1. Pratiche Sicure (Safe Practices),

3. Pratiche potenzialmente sicure (Potentially safe practices) 4. Pratiche non valutate (Not evaluated practices),

Esisterebbe un’altra categoria che non viene riportata nell’elenco suindicato: le pratiche non implementate (Not implemented practice), che probabilmente non forma ancora una vera “pratica”, in quanto non passata al vaglio dell’organizzazione e come tale non può beneficiare della definizione di buona pratica.
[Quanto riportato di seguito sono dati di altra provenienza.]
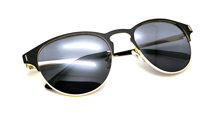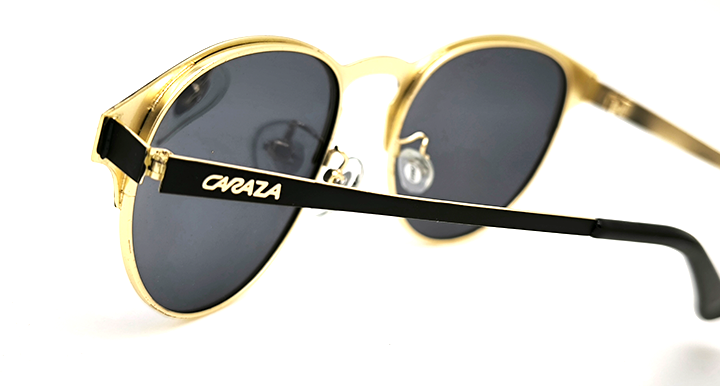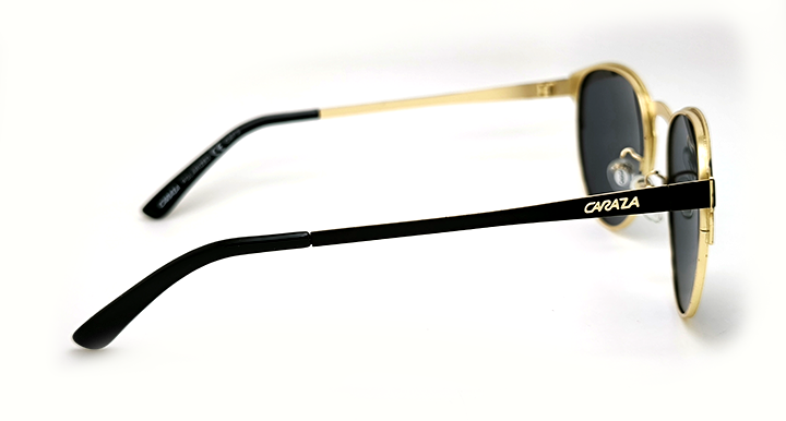 عینک آفتابی کارازا مدل کلابراند کد CA006 با فریم فلزی طلایی با روکش مشکی و عدسی خاکستری پلاریزه
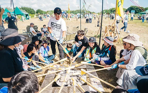 親子で楽しめる竹のジャングルジムなどの遊具をはじめ、イラストレーター・ウシオダヒロアキと一緒に創るアウトドア・アート・ワークショップ、大人気の「焚き火カフェ」や「ねじねじパン作り」など体験型のワークショップが勢ぞろい!
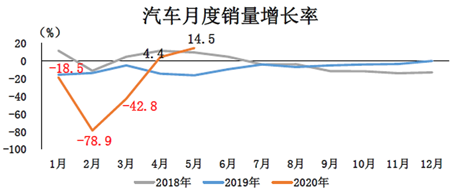 疫情過后制造業中的汽車產業恢復較快,5月產銷均呈現正增長。5月汽車產銷分別達到218.7萬輛和219.4萬輛,環比增長4.0%和5.9%,同比增長18.2%和14.5%,增速高于上月15.9個百分點和10.1個百分點。
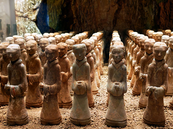 而汉兵马俑,作为狮子山楚王陵的重要组成部分,位于狮子山西麓,共发现有步兵俑坑四条,骑兵俑、车马坑各一条,出土陶俑数量多达4000余件。这些兵马俑种类繁杂,有官员俑、卫士俑、发辫俑等十余种,虽较秦陵兵俑稍小,但阵容肃整,形象威武刚毅。这些,我们在汉兵马俑博物馆都已经观赏过其震撼的规模。
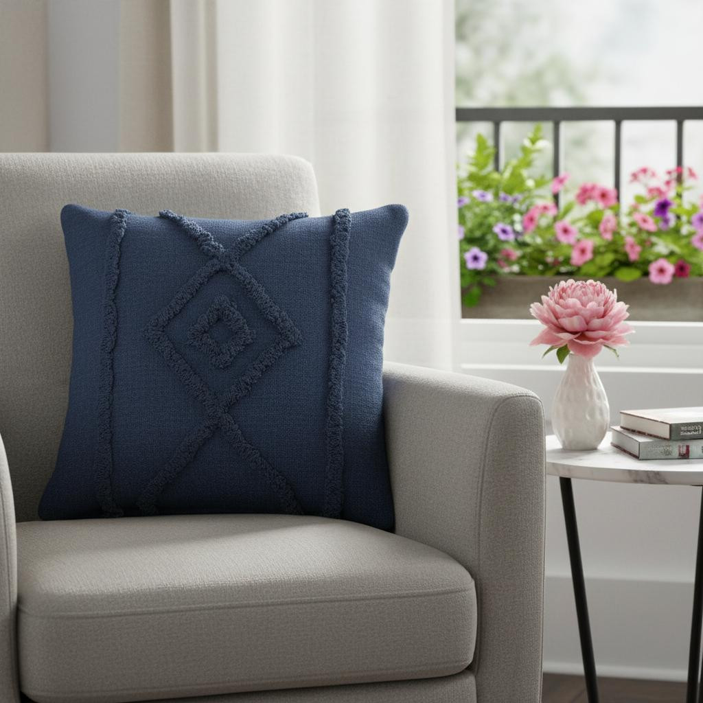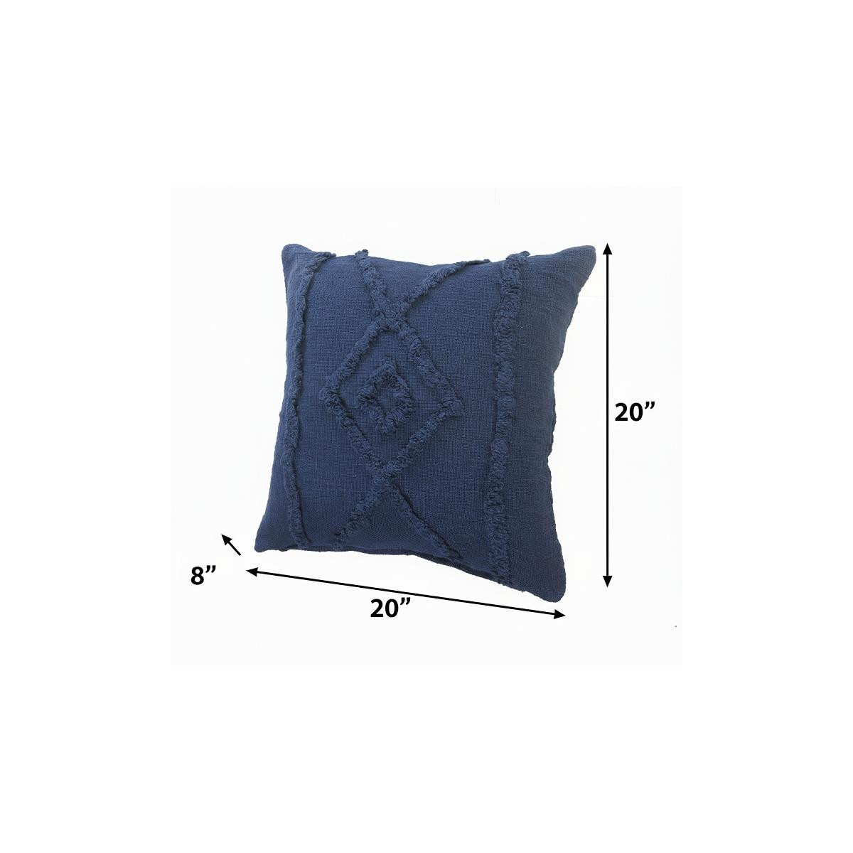 This 20-inch blue and cobalt geometric cotton throw pillow will add a beautiful decorative accent to your decor. This soft and durable decorative pillow is expertly made of high grade, long lasting cotton in a blue and cobalt coloration. For anyone that loves to decorate or accent their space with color and texture. Decorative throw pillows not only add color and dimension to your space but can be comfy and supportive when you are lounging and cuddling as well. 20.00-inch h x 20.00-inch w x 8.00-inch d.

A titolo di esempio, per “buone pratiche” si intendono documenti come: la gestione del dolore, la gestione dei farmaci antiblastici, la prevenzione delle ulcere da pressione, l’adozione dell’indice di deterioramento cardiaco, la prevenzione della distocia di spalla, la prevenzione dell’evento sentinella etc.

La materia non è comunque pacifica in quanto, anche recentemente, il Ministero della salute ha emanato delle “raccomandazioni” per la “prevenzione degli errori in terapia con farmaci antineoplastici”.32 A livello di Conferenza Stato-Regioni troviamo un atto normativo che demanda all’Agenzia nazionale per i servizi sanitari regionali il monitoraggio delle “buone pratiche per la sicurezza delle cure”33.
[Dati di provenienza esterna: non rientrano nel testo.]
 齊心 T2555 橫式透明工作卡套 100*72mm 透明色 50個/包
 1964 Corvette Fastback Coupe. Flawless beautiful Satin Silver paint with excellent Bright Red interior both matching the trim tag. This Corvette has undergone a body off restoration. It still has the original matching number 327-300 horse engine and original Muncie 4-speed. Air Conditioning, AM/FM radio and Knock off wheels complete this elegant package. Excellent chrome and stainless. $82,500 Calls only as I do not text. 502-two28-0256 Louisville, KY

È tuttavia da osservare che le linee guida ed i protocolli vengono trattati pressoché alla stessa stregua, evidenziandone il carattere non tassativo ma, al contrario, l’eterogeneità e la molteplicità in quanto spesso elaborati da enti, istituzioni e società scientifiche non riconosciute da autorità pubblica. Inoltre, nonostante prolifichino con estrema rapidità, difficilmente possono adattarsi a tutte le possibili situazioni cliniche, potendo anzi essere controversi e non più rispondenti ai progressi verificatisi nella cura della patologia.
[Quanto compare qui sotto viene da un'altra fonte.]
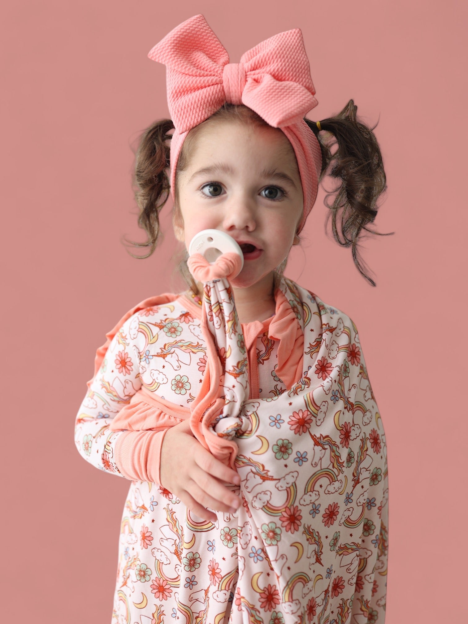 The Exclusive Enchanted Dreams Lovey is pure magic for your little one. With whimsical rainbows, unicorns, and a magical print, this lovey is designed to provide extra security and comfort at her fingertips. Your babe will love the soft, soothing touch of the bamboo viscose material, making it the perfect cuddle companion for nap time, bedtime, or any time in between.
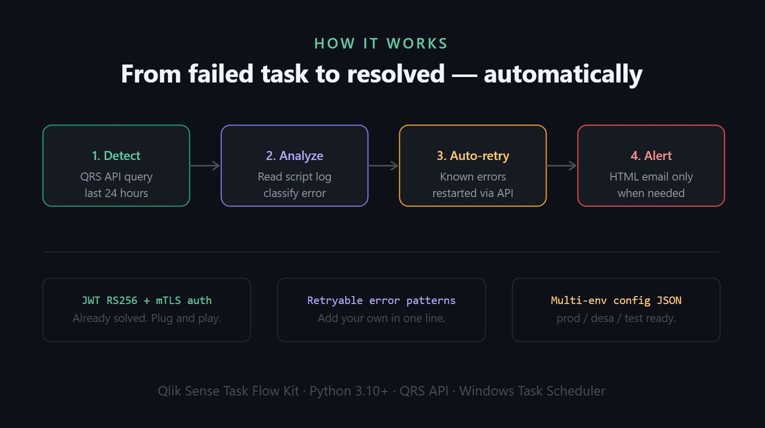 The Qlik Sense Task Flow Kit solves this with a production-ready Python

In proposito, si è posto in luce il rischio che la Riforma induca gli operatori sanitari a tenere quei comportamenti che essa mira invece ad evitare: l’accento posto al rispetto delle linee guida può facilmente indurre a pratiche di medicina difensiva con cieco ossequio ai protocolli, esclusivamente per limitare, il riconoscimento di una pretesa risarcitoria. Sul punto, la Corte di Cassazione penale si è già pronunciata più volte affermando che le linee guida indicano solo orientamenti, la cui corretta applicabilità deve comunque essere verificata in relazione al caso concreto: se necessario, il medico deve derogarvi, potendo altrimenti incorrere in colpa grave.

Da quanto sopra si evince che la riforma Balduzzi non è riuscita pienamente nell’obiettivo di risolvere i problemi che si era prefissata, sollevando anzi ulteriori critiche e dubbi interpretativi - ad oggi irrisolti - sia nella giurisprudenza che nella dottrina : la norma rischia dunque di non risolvere, anzi di aggravare il problema economico, incrementando le richieste di risarcimento con l’aggancio in via solidale del medico alla struttura responsabile di inadempimento.